Envision, Design, Create, Build, Engineer, Develop, Prototype

 Step #3: Envision, Design, Create, Engineer, Develop, Build, Prototype, Test  top

Design must drive the experience-building process if the experience is to be efficiently and effectively delivered across touchpoints and channels (e.g., phone, online, face-to-face, etc.).

With a robust foundation of customer insight and business objectives to work from, we can now begin to prototype and collaborate on how the experience should play.

Customer experience improvement demands diversity – and we know what it’s like to be on the frontline. Our experience is that great customer experiences require a team with a really diverse set of skills that span strategy, research, culture and process – to name but a few.

The capability to successfully integrate design, development and implementation, across multiple teams and business functions, is vital – so we, jointly, strive to build interactions, that support experiences, that achieve business objectives, by maintaining a customer-centric focus. And, with our customer-centred DNA, we’re able to ensure that the complexity doesn’t detract from the effective experience, that we’re all striving to deliver, across any channel.


 Deploy, Implement, Execute

Step #4: Deploy, Implement, Execute  top

The Implementation stage is where we transition from our current-state – and all of the pain/problems that it embodies – to our future-state – where we kick-off the brand-new experience and integrate it into a live, operational environment.

The Implementation stage describes how the solution will be deployed and transitioned into an operational environment. The plan contains an overview of the solution, a brief description of the major tasks involved in the implementation, the overall resources needed to support the implementation effort – such as processes, systems, personnel, facilities, etc. – as well as any location-specific implementation requirements.

The plan is started during the Design stage and is routinely updated during solution-development; the final version is provided in the integration/test phases and is used during the Implementation stage. The Implementation plan uses classic project management techniques to detail and execute all of the action-steps that are required to transition the experience into the live environment.


 Monitor, Measure, Review, Results

Step #5: Monitor, Measure, Review, Results  top

The Measurement stage will constitute a part of your wider Customer Experience Measurement Framework or Scorecard.

The purpose of the Measurement stage is to assess experience-performance against targets and baselines that were created in the Discovery/Diagnosis stages.

Whilst the ‘new’ experience may take time to settle down and to produce customer-feedback, this is still a vital activity to perform as it provides justification to the business case.

The measurements that we are concerned with, here, are customer-related and cover their perception of experience-performance, not the organisation’s.
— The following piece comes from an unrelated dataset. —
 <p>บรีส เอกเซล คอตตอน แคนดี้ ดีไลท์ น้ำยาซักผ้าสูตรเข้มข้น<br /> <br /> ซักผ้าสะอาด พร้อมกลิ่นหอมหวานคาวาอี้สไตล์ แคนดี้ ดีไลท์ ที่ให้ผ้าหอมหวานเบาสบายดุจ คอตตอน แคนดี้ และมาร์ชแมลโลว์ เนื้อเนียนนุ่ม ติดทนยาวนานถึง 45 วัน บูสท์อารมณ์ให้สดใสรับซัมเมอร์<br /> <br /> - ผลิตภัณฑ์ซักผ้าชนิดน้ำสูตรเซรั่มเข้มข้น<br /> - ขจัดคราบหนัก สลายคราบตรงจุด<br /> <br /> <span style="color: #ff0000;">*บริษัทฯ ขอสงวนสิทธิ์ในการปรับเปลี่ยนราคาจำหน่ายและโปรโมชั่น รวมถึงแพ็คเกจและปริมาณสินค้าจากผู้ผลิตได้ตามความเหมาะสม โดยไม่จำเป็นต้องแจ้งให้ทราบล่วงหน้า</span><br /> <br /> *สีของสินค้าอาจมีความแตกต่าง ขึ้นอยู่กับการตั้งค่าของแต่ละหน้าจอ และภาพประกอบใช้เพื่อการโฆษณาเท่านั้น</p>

It is also critical to capture both qualitative and quantitative measurements here, i.e. the what and the why.

Customer perceptions will be measured as discrete, step-by-step reactions to each stage in the end-to-end journey of the subject-experience – for example, if you were an airline then we would be dealing with all the steps in planning and taking a flight. Alternatively, if you were a retailer, then we might be dealing with all the steps involved in returning and refunding an unwanted purchase.
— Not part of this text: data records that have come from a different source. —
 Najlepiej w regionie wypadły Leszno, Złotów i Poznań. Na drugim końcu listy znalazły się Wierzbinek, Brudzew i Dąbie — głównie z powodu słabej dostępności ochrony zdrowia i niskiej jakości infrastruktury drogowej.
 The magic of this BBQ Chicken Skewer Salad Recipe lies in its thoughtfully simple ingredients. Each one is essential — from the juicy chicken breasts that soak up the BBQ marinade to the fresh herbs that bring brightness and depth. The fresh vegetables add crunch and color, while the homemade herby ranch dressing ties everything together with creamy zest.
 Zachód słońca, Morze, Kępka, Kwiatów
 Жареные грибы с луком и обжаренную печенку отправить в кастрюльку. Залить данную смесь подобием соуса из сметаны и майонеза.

The measurements should provide clear and relevant details about customers’ specific experiences with individual touchpoints that they encounter along each journey. Regular performance-reporting of this ‘new’ experience should now appear alongside all of the other deployed experiences, in order to provide comprehensive management reporting via the Customer Experience Measurement Framework or Scorecard application. Long-term performance-monitoring, of the experience, is also vital – this enables early detection of any declining trends as customer needs/expectations/perceptions change.